The Weakest Link (also known as The Weakest Link Australia) is an Australian game show based on the British format of the same name that aired from 5 February 2001 until 22 April 2002 and was originally broadcast on the Seven Network. Presented by Cornelia Frances, the show featured nine contestants competing for a potential prize of $100,000. Airing twice weekly in primetime, on Mondays and Thursdays (in Melbourne, Adelaide and Perth, later extended to nationwide following the conclusion of the 2001 AFL season) or Fridays (in Sydney and Brisbane), it received modest ratings until its cancellation in April 2002. The show was produced in the Seven Network's South Melbourne headquarters.

A revival of the show with actress Magda Szubanski as host was announced for the Nine Network, airing from 25 May 2021 to 1 February 2022. TVNZ 1 aired the revival in New Zealand.

==Format==
===2001–02===
The format of the Seven Network iteration was identical to that of the British version apart from some slight time differences on rounds. The first round lasted for 2 minutes and 30 seconds as opposed to 3 minutes on the British version, and each round thereafter was reduced by 10 seconds (meaning a time limit of 80 seconds for the triple stakes round). As with the British version, any money banked in round 8 was trebled (e.g. if the contestants bank $1,000 then $3,000 is added to the final total). The money tree was as follows:

| Question | Prize |
|---|---|
| 9 | $10,000 |
| 8 | $8,000 |
| 7 | $6,000 |
| 6 | $4,500 |
| 5 | $3,000 |
| 4 | $2,000 |
| 3 | $1,000 |
| 2 | $500 |
| 1 | $200 |

The voice-over was Marcus Irvine, while the adjudicator and question researcher was Alan Mason, the contestant revealed as The Mole in 2000.
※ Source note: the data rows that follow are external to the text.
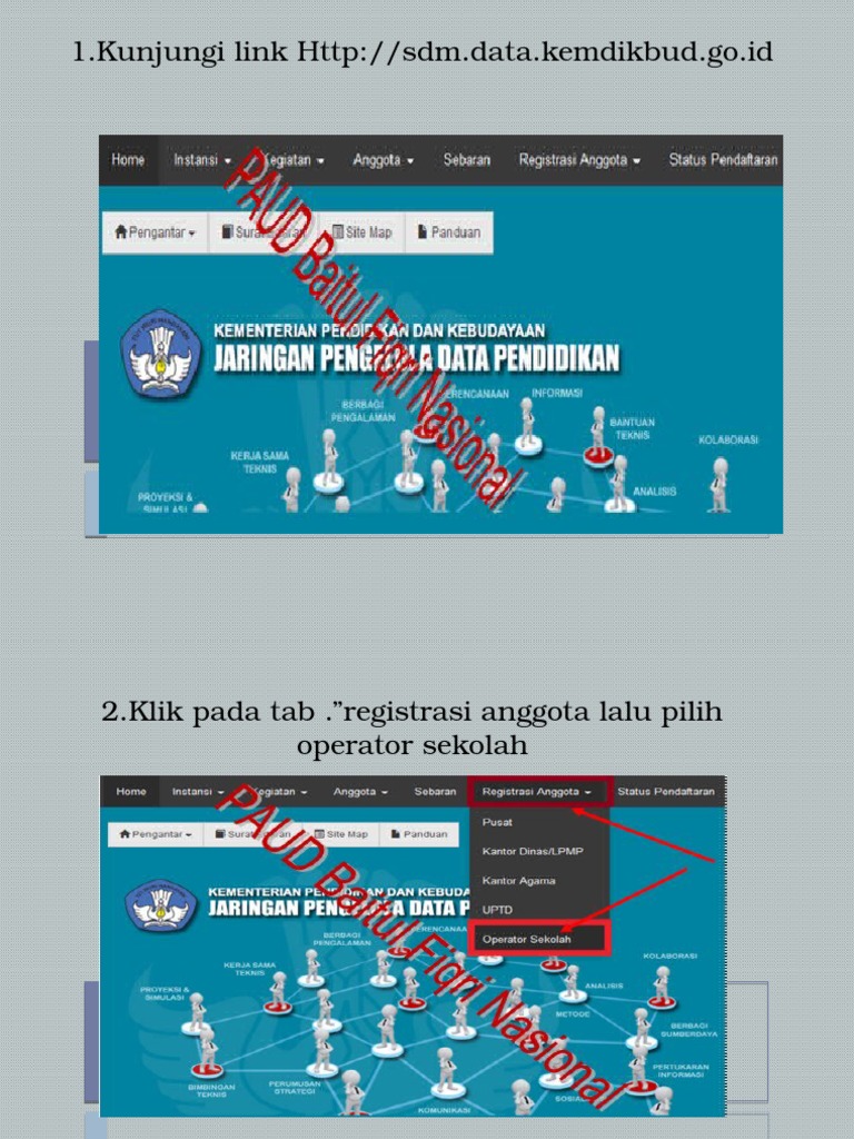 Sdm Pdspk from sdm.data.kemdikbud.go.id Operator sekolah dan operator dinas pendidikan kab/kota yang sudah terdaftar di www.sdm.data.kemdikbud.go.id tidak perlu melakukan registrasi ulang agar dapat melakukan operasional vervalgtk, namun bila oleh pimpinan ditunjuk operator yang lain untuk operasional vervalgtk maka operator yang ditunjuk harus registrasi baru dengan melampirkan sk. Pertama kita harus pahami dulu kenapa kita harus daftar di kemdikbud? Gedung c lantai 1 kompleks kemdikbud senayan jakarta, 10270 call center : Surat edaran penerimaan peserta didik baru tahun 2020/2021. 1mb (ditandatangani kepsek dan cap), setelah registrasi silahkan cek di. Setiap guru dan tenaga kependidikan harus melampirkan foto pada vervalptk, dan untuk memperbaiki data melalui vervalptk unit layanan terpadu : //sdm.data.kemdikbud.go.id/ dalam wujud pdf, kamu dapat scan dahulu sk nya. Kedua, klik pada menu registrasi anggota > kemudian pilih operator sekolah (lihat gambar) ketiga, silahkan masukkan data diri anda dan diakhir kita harus melampirkan sk operator sekolah dalam format pdf, baca :
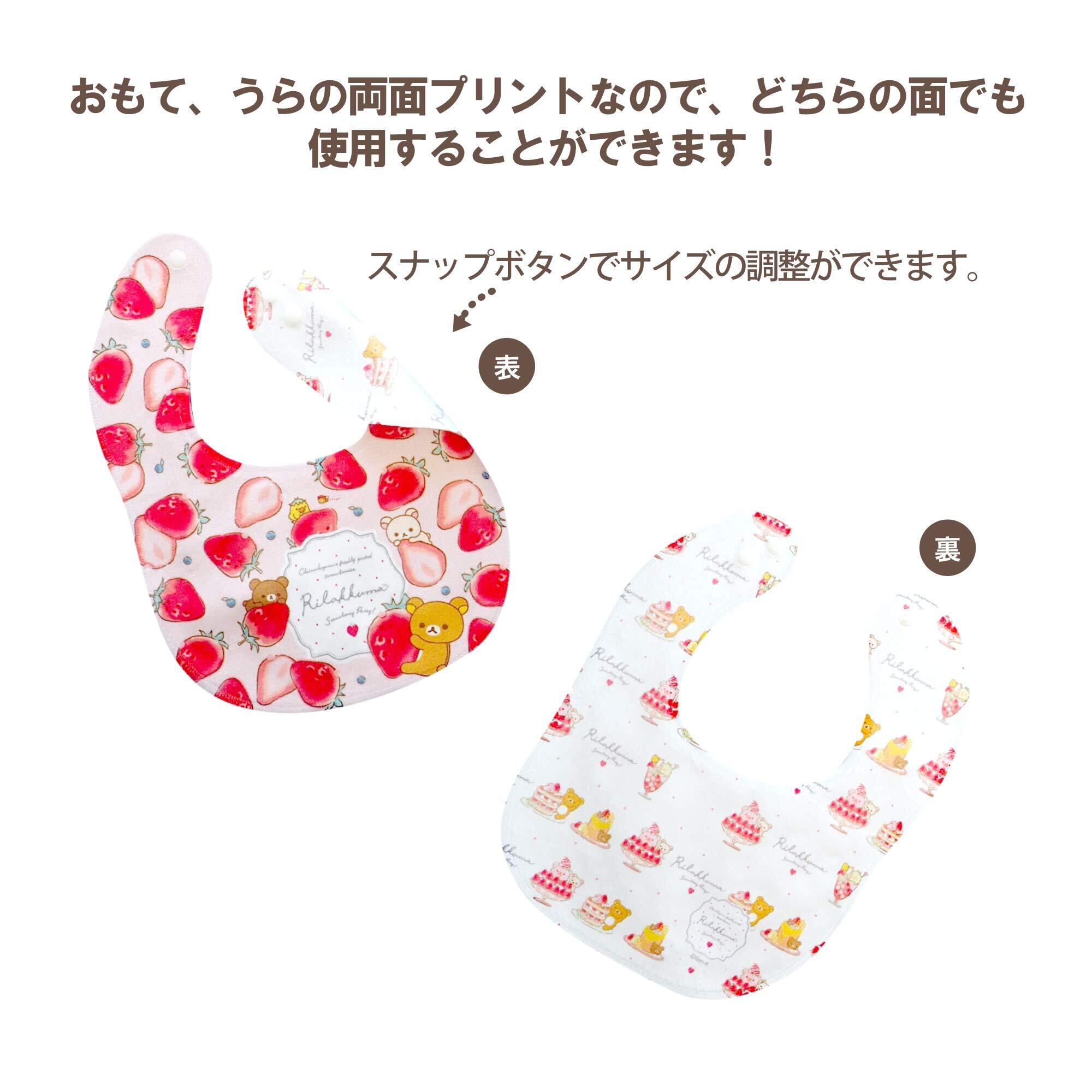 【機能】肌触りのよい吸水速乾の生地は、食べこぼしやよだれをしっかり吸収してすぐに乾きます。表裏違ったデザインの両面プリントで、お洋服のデザインに合わせてコーディネートできます。首回りは2段階のサイズ調整可能なスナップボタンで、お子様の成長やその日のお洋服に合わせて調整可能です。
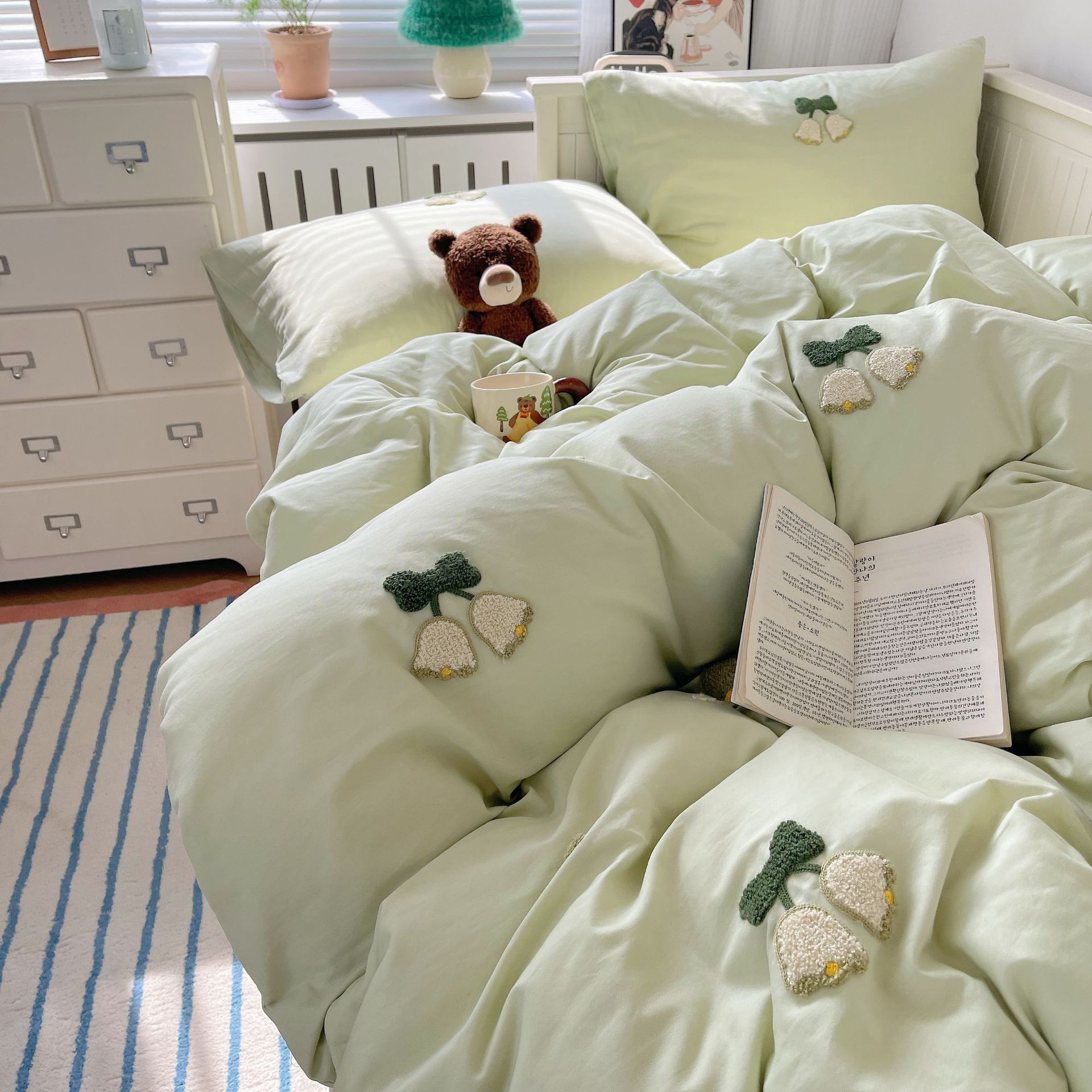 Ins小清新鈴蘭タオル刺繍純綿水洗綿四点セットシンプル純綿布団カバーベッド三点セット
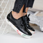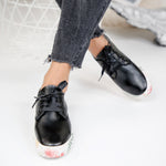 Дамски кецове ABRIANA – BLACK са очарователно предложение за вашата модна визия, с което ще си осигурите небивал комфорт. Отлично решение както за ежедневна употреба, така и за разнообразни спортни занимания, фитнес или походи. Гладката еко кожа, от която е изработена горната част на модела изглежда невероятно стилно, а подметката е издържана с красива декорация, за повече визуален интерес.

The money tree is the same figures as in the British version, but ten times larger, and in Australian dollars rather than pound sterling.

===2021–22===
The format of the Nine Network iteration saw some major changes to the format; similar to the 2020 US revival, eight contestants (as opposed to nine on the original Seven Network iteration) begin the game, and play begins with the player in the first position (as opposed to the player whose name is first alphabetically). The top prize increases in each round, making for a potential top prize of . Additionally, the contestants are interrogated about their roundly performances before the revealing of votes, as opposed to afterwards. As is convention, in the event of a tie, the strongest link casts the deciding vote. After round six, the game moves straight to the final round; if the strongest link in the preceding round had been voted off, the second-strongest link decides who receives the first question.
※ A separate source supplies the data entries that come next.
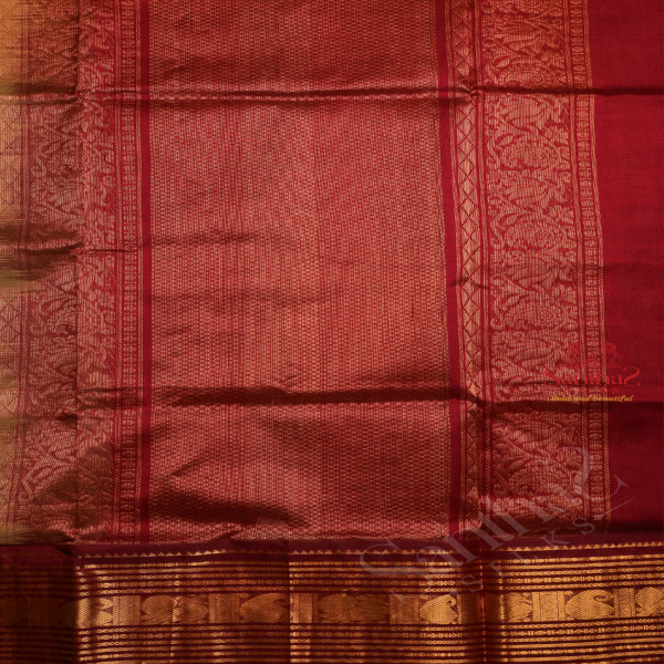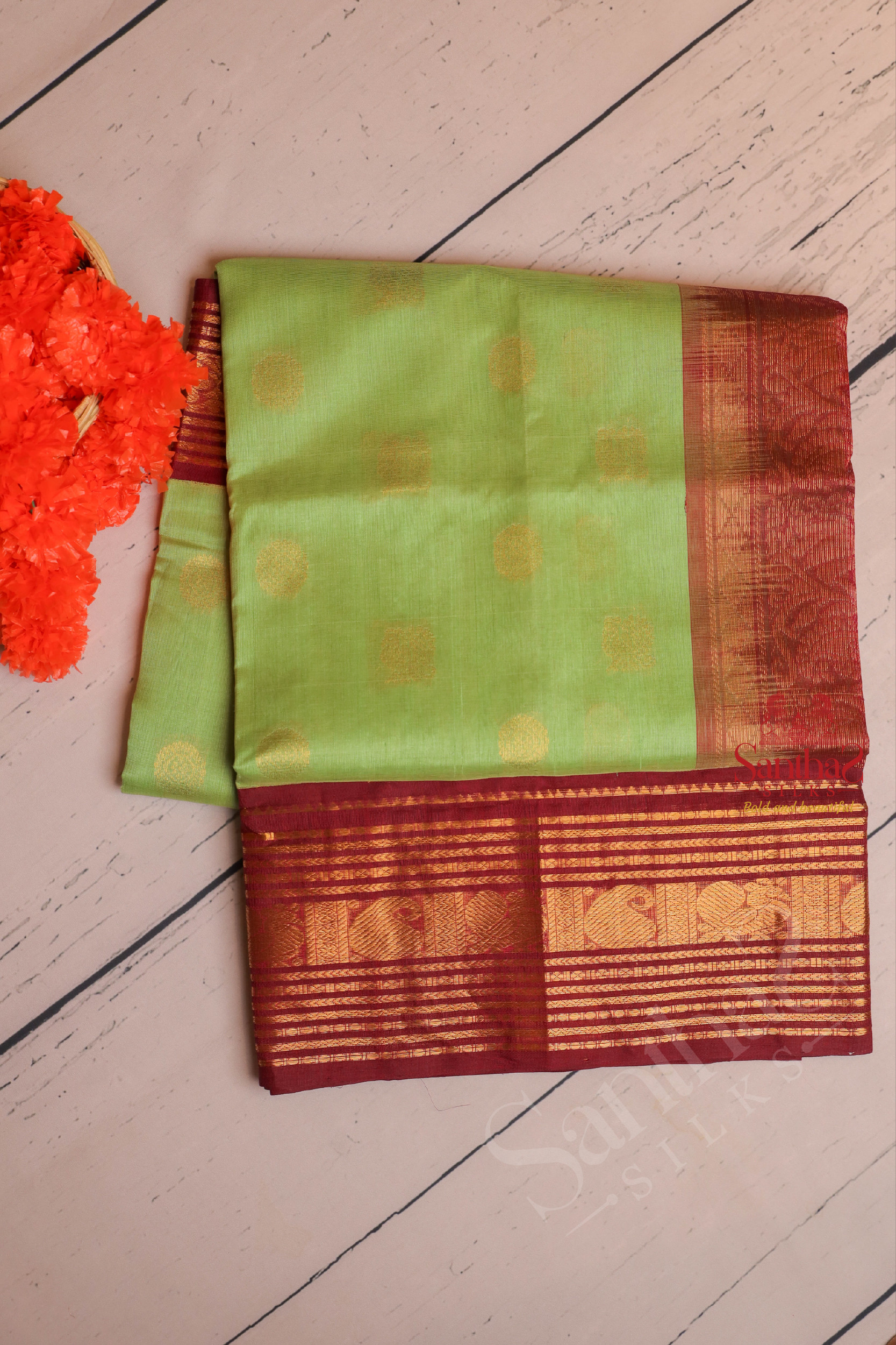 PISTHA GREEN COLOUR BODY WITH GOLDEN ZARI CHAKKARAM BUTTA WITH CONTRAST BLOUSE & BORDER
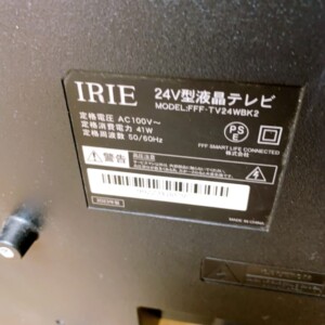 東京都足立区へ出張買取 IRIE FFF-TV24WBK2 2023年製 24V型液晶テレビ 美品のため高価査定
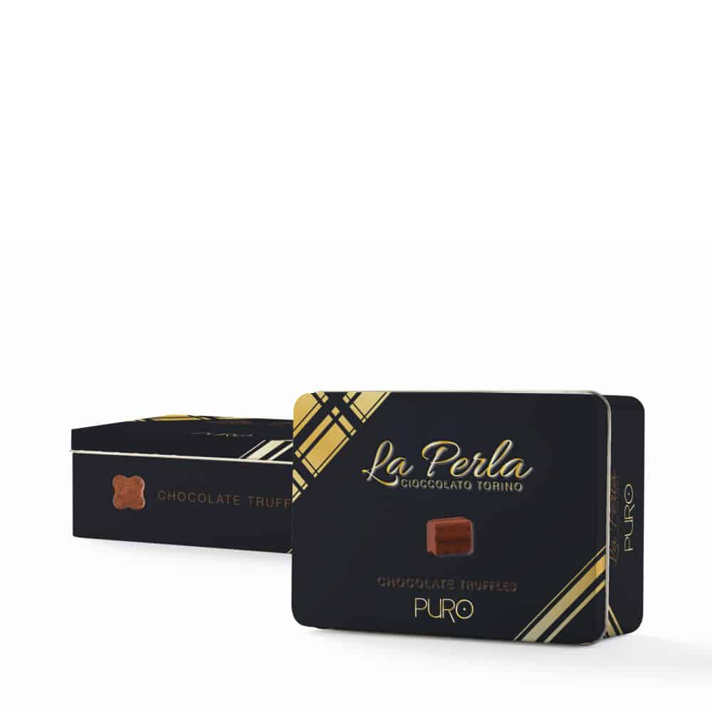 Una confezione in metallo elegante e raffinata per un regalo che sa stupire e farsi ricordare nel tempo. All’interno della latta sono racchiusi i Tartufi di Cioccolato e i Gianduiotti della linea “Puro”, senza zuccheri aggiunti: cioccolato fondente e cioccolato al latte con Nocciola, cioccolato bianco con profumati pistacchi.
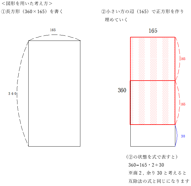 以上のような操作から、360×165の長方形は「15×15の正方形で埋め尽くせる」ことがわかります。さらに、この正方形は、360×165の長方形を埋め尽くせる正方形のなかでは最大のものとなります。

| Question | Prize |  |  |  |  |  |
| 1 | 2 | 3 | 4 | 5 | 6 |
| 8 | $10,000 | $15,000 | $20,000 | $30,000 | $75,000 | $100,000 |
| 7 | $5,000 | $7,500 | $10,000 | $15,000 | $50,000 | $75,000 |
| 6 | $3,000 | $5,000 | $7,500 | $10,000 | $25,000 | $50,000 |
| 5 | $1,500 | $3,000 | $5,000 | $7,500 | $15,000 | $25,000 |
| 4 | $750 | $1,500 | $2,500 | $5,000 | $7,500 | $10,000 |
| 3 | $500 | $1,000 | $1,500 | $2,500 | $5,000 |  |
| 2 | $250 | $500 | $750 | $1,000 | $1,500 | $2,500 |
| 1 | $100 | $200 | $250 | $500 | $750 | $1,000 |

Additionally, several minor additions to the game were introduced:
- A buzzer was added to each contestant's podium. It is used both to bank money (contestants not only have to say the word "bank" before being asked the question but must also press the buzzer), as well as to reveal the contestant's vote at the end of each round.
- A touch screen was also added to each contestant's podium. It is used to present visual information for visual questions - where the host asks the contestants to identify items that appear on the screen - as well as to cast their vote for the weakest link at the end of each round.

==Special Editions==
The show also featured several special editions throughout its run.
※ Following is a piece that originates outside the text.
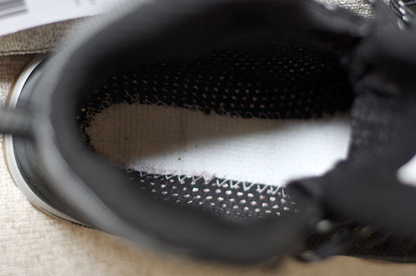 PERPETUUM鞋楦设计所采用的里衬,包括脚踝处的里衬透气孔,均采用具有排汗排湿功能的织物里衬,目测可以清晰看到里衬的织孔,将汗气排除鞋外,保持足部干爽。
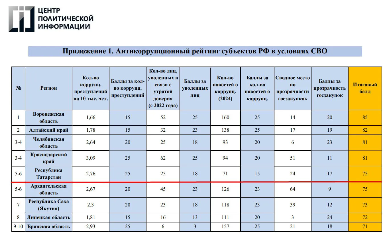 В январе 2026 года Центр политической информации опубликовал антикоррупционный рейтинг субъектов РФ в условиях СВО. Татарстан вошёл в первую десятку регионов, где наиболее эффективно ведётся борьба с коррупцией.

===Seven Network iteration (2001–02)===
- On 11 March 2002, a special episode included contestants from reality game show The Mole, as part of the show's third season. The episode featured the remaining nine players participating in a game of The Weakest Link as part of a challenge on The Mole, with the winner earning immunity from the next elimination and the money won going to the kitty - the grand prize of The Mole. Bob Young defeated Thao Nguyen in the final round. The prize money, $14,100, was the lowest amount won in any Australian episode of the Weakest Link, but the money and free pass were only awarded after it was proven that the contestants did not cheat backstage (after all contestants were left in the waiting room with a folder containing the question and answer sheet). On The Mole, the prize money was rounded up to $15,000 as all money amounts were rounded up to the nearest $1,000. This episode was watched by a nationwide audience of 1.312 million, a little bit under what Who Wants to Be a Millionaire? achieved that night, with 1.51 million.
- On 9 August 2001, a Blue Heelers special of the show aired. John Wood, Neil Pigot, Ditch Davey, Jeremy Kewley, Jane Allsop, Suzi Dougherty, Paul Bishop, Caroline Craig and Peta Doodson all participated. In that episode, there was a round where nothing was banked.
- On 26 November 2001, an All Saints special of the show was televised. Ben Tari, Joy Smithers, Martin Lynes, Georgie Parker, Conrad Coleby, Judith McGrath, Erik Thomson (who won the special), Ling Hsueh Tang and Josh Quong Tart all participated.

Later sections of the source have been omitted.